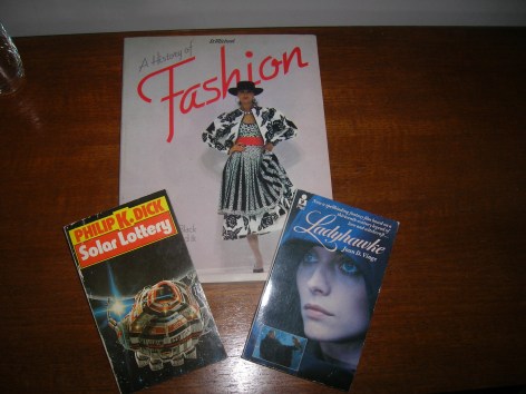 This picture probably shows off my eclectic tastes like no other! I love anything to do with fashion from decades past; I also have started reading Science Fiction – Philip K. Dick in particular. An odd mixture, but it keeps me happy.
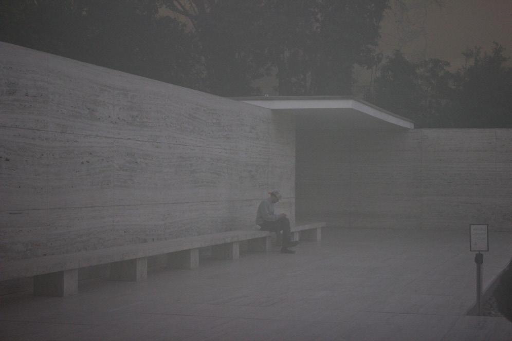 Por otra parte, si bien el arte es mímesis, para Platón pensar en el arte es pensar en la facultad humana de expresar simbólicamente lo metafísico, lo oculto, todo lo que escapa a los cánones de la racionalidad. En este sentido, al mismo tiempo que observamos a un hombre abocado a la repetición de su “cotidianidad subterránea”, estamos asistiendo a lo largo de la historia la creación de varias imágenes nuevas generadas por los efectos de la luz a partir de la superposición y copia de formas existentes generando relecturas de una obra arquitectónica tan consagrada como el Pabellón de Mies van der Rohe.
==
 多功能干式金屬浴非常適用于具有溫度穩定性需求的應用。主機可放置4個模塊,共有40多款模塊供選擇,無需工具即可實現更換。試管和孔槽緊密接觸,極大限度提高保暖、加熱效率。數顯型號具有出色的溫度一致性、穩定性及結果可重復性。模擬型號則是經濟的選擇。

Task goal:
With the pictures omitted, restate word for word the lines above from the line that has "This picture probably" up to and including the line that has "Por otra parte, si", and no other lines.

Result of the exercise:
 This picture probably shows off my eclectic tastes like no other! I love anything to do with fashion from decades past; I also have started reading Science Fiction – Philip K. Dick in particular. An odd mixture, but it keeps me happy.
 Por otra parte, si bien el arte es mímesis, para Platón pensar en el arte es pensar en la facultad humana de expresar simbólicamente lo metafísico, lo oculto, todo lo que escapa a los cánones de la racionalidad. En este sentido, al mismo tiempo que observamos a un hombre abocado a la repetición de su “cotidianidad subterránea”, estamos asistiendo a lo largo de la historia la creación de varias imágenes nuevas generadas por los efectos de la luz a partir de la superposición y copia de formas existentes generando relecturas de una obra arquitectónica tan consagrada como el Pabellón de Mies van der Rohe.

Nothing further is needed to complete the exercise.